Bone-crunchingly ironic

Irony is when you're running a symposium about a Victorian clergyman whose fossil interpretations challenged biblical literalism and, whilst you are out doing this, some 6-day creationists come round to your house and try to save your family from heathenism. Morissettian irony is when you - a heathen - follow this by giving a Sunday afternoon reading of the reverend's inflammatory paper from the pulpit of an ancient minster.

A shrine where all Earth scientists should worship:
Delegates of the Lost Beasts of the North fieldtrip admire Kirkdale Cave.

Saturday March 12th 2022 was the 238th birthday of Professor Reverend William Buckland. On that day, we held a Lost Beasts of the North symposium at Ryedale School, celebrating the bicentenary of Buckland's announcement that Kirkdale Cave, near Kirkbymoorside, North Yorkshire, was a hyaena den, and that the animals had lived in the area prior to the Great Flood.

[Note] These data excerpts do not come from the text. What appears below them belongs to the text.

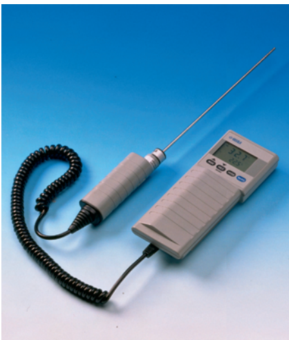
HMI41 with the HMP42 probe.
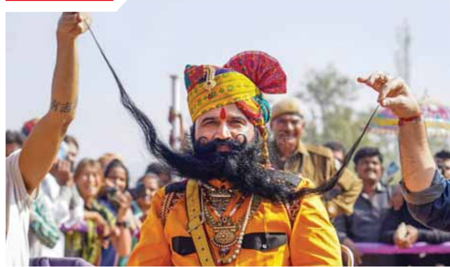
Participant of the 'longest moustache' competition during the annual Pushkar Fair, in Pushkar
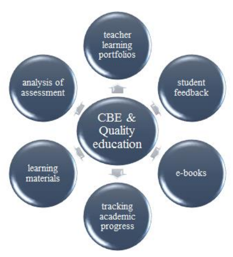
Figure 1. Functions of CBE in terms of quality education (Source: Hsiao, 2020)

In CBE, the educational situation is transformed from concept and theory to new reality (Goldhamer, 2020), and also more emphasis is given to professional activities and advanced curriculum. It helps for real-time assessment of students' learning and provides a platform for learning by emphasizing the competencies and proficiencies of students.
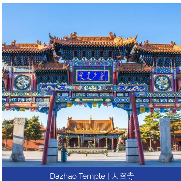
Dazhao Temple | 大召寺
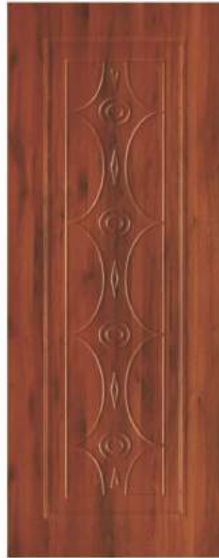
PMD - 212

Buckland's interpretation led to all manner of religious controversy, with Whitby's Reverend George Young remaining a stickler for the literal Biblical story of the 6 days of Creation, and crowbarring all the local geology into it (Professor Pete Rawson will give a Rotunda Geology Group talk about this on Thursday April 7th). Rev. Buckland, and many other theo-geologists, argued otherwise, and - especially from the pulpit of an ancient minster - the debates raged furiously.

In some places they still do.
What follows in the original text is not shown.